Renewables accounted for record 47% of UK generation in first quarter of 2020

In total

According to the Department for Business, Energy and Industrial Strategy’s (BEIS) latest energy trends data, published on Thursday (25 June), renewables’ share of electricity generation was 47% during the quarter, up from 35.9% in the first quarter of 2019. The proportion is also notably higher than the previous quarterly record of 39%, set last summer.

When other low-carbon forms of generation, including biomass and nuclear, are factored in, the proportion rises to 62.1%, up from the previous record of 51.8%.

BEIS attributes much of the progress made during the quarter to the UK’s wind sector. Additional capacity was installed and high load factors were recorded due to weather conditions. On the former, BEIS states that the UK played host to 47.4GW of wind generation capacity by the end of March, up 5.2% on March 2019. On the latter, the energy trends report states that output from renewables was “35% higher and at a record quarterly high due to record levels of wind generation in February 2020, when extreme wind conditions were experienced during Storms Ciara and Dennis”.

In total, wind power generated 30% of the UK’s electricity in the first quarter, beating the previous record of 22.3% set in the final months of 2019. Offshore wind expanded more rapidly than onshore, given the historic policy context; onshore wind was only recently allowed back into the Contracts for Difference (CfD) process. Moreover, offshore wind benefits from a sector deal, but a similar policy framework is yet to be completed for onshore.

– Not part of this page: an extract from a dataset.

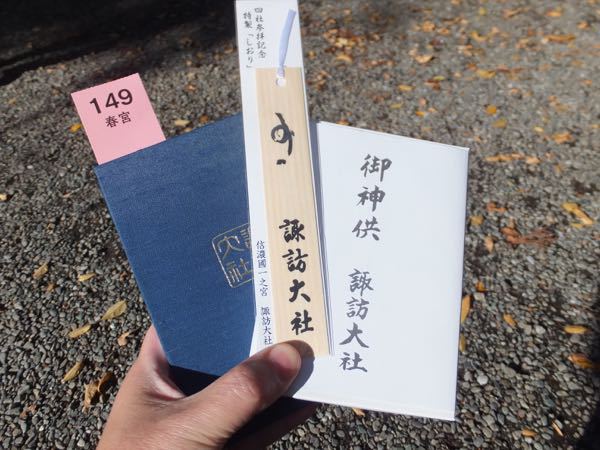 四社で御朱印をもらったら、記念に栞と御神供(きな粉入りの干菓子)を頂きました。 |

Bioenergy production was also up 19% year-on-year, with BEIS again tracking increased capacity and higher load factors.

Nuclear’s generation share, meanwhile, was down slightly (0.8%) on a year-on-year basis as the sector’s output fell 5.8% on a quarter-by-quarter basis. During the first quarter of 2020, an outage was completed at Heysham 1 while outages continued at Dungeness B, Hunterson B and Heysham 2. A further outage started at Hinkley Point B.

As for fossil fuels, coal generation remained steady on a year-on-year basis, both in terms of generation share and output. Oil production, meanwhile, was down 5.5%, while natural gas production rose by 3.6%. Overall, the UK’s fossil fuel dependence was down 2.3% year-on-year basis.

What happens next?

RenewableUK’s head of policy and regulation Rebecca Williams said the trends “write very large indeed” the extent and pace of the nation’s low-carbon energy transition.

“As the Government works with us on a massive expansion of renewables as part of the UK’s green economic recovery after the pandemic, you can be sure that the latest records, extraordinary though they are, will be broken again in the years ahead, as we phase out fossil fuels to reach net-zero emissions,” Williams added.

Emissions from the UK’s power generation sector have plummeted by more than two-thirds since 2008. Key figures from across the green economy are calling for a post-Covid-19 stimulus package that ensures further and faster progress in this field and similar policy supports for the decarbonisation of other sectors.

The Committee on Climate Change (CCC) has concluded that the UK will need to quadruple its low-carbon energy generation capacity by 2050, against a 2017 baseline, if it is to meet its long-term net-zero goal.